Он устало кивнул и поставил полупустую чашку на пол, выбрав подходящее место, чтобы она не оказалась у меня на пути.
Я почувствовал какую-то смутную тревогу - он все еще был нездоров. И тут абсурдная мысль молнией мелькнула в моем мозгу, настолько быстро , что я едва уловил ее – возможно, мне следует отложить свою поездку до того времени, пока я не буду уверен, что он твердо держится на ногах.
Глупости, он же доктор и к тому же очень хороший. С моей стороны было абсолютно нелогично предположить подобную ситуацию, откуда только взялись подобные идеи?
Возможно, именно эта необычная для меня мысль и то, еще более необычное чувство, которое она вызвала во мне, и заставили меня прервать свои сборы и взглянуть на доктора, вяло откинувшегося на спинку дивана и сонно наблюдающего за моими действиями.
- Доктор, вы уверены, что с вами все будет в порядке? Ведь миссис Хадсон услышит вас, если только вы закричите…
Слабо улыбнувшись, он махнул рукой.
- Все в порядке, Холмс. Послушайте, вам лучше поторопиться, если вы хотите попасть на десятичасовой поезд из Юстона?
Я уронил свою лупу.
- Доктор, я не уверен, что говорил, на каком поезде поеду, - раздраженно заметил я.
- Не говорили , - радостно согласился он. – Но от скуки я изучал расписание поездов Брэдшоу.

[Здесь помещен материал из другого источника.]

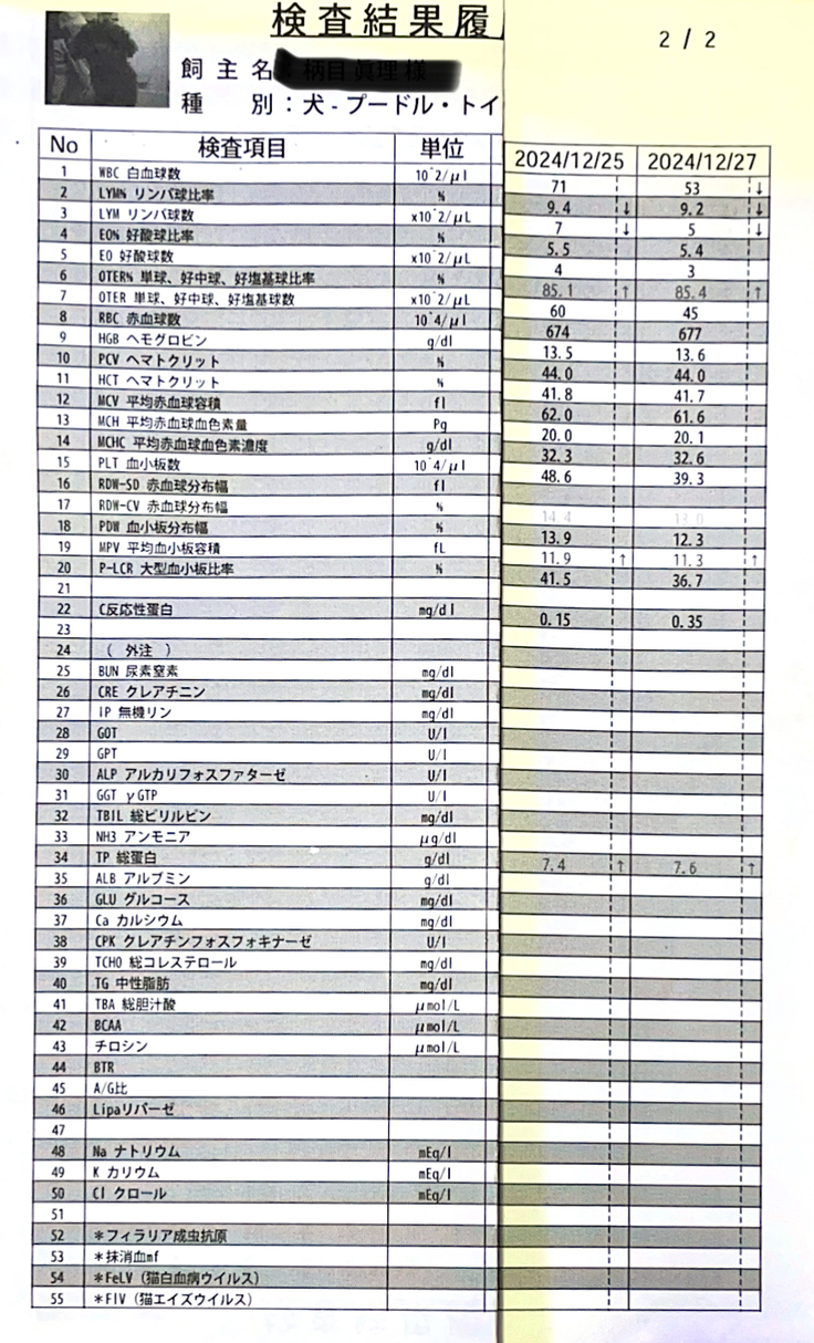 血液検査の結果は、全体的に良くない方に動きがありましたが、抗がん剤の副作用が出てきたのだと思われます。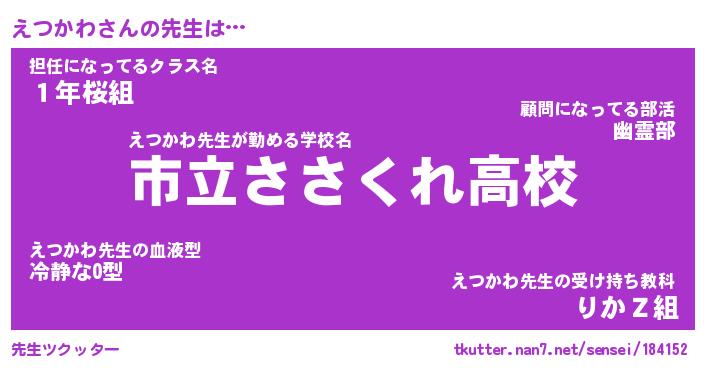| 意味不明あだ名 | 『ペロリンえつかわ』『永久保存えつかわ』 |

- Простите мою откровенность, Уотсон, но вам действительно необходимо какое-нибудь хобби, - серьезно сказал я, - помимо констатации пробелов моих познаний в таких областях, как литература и философия.
Я удовлетворенно улыбнулся, когда его бледное лицо залил румянец.
- Ну, - сказал я, направляясь в свою комнату, чтобы взять шляпу, - в таком случае, я должен идти.
Я вернулся в гостиную, смахнул тонкий слой пыли со своей шляпы и удостоверился в том, что взял табак и трубку. Одевая пальто, я заметил, что мой компаньон все еще наблюдает за мной с несколько унылым видом. Неужели ему действительно нравится мое общество, и он вовсе не предвкушает мой отъезд, как прекрасный шанс насладиться покоем и тишиной? Это было слишком невероятно, но я не могу объяснить выражение его лица какой-то другой причиной. Странно, очень странно.
- Так вы уверены, что с вами все будет в порядке? – спросил я, проверяя, взял ли я ключи.
Он устало кивнул и потянулся за отброшенной газетой. Меня это не убедило, но мне надо было ехать, и надеюсь, миссис Хадсон не позволит этому упрямцу перенапрягаться. А я не нянька, и никогда ей не буду.
- Хорошо; я вернусь через неделю. Не умирайте, пока меня не будет, хорошо? Вряд ли для меня послужит хорошей рекламой весть о том, что мой компаньон испустил дух в той самой гостиной, где я принимаю клиентов…
Не зная, что сказать бедняге, я пытался напустить на себя беззаботный вид и пытался хоть как-то рассмешить его.
Он слабо улыбнулся и взмахнул рукой, одобряя мою шутку.
- Да, да, да – я тоже буду скучать по вас, дорогой друг. А теперь идите, а то вы опоздаете на поезд.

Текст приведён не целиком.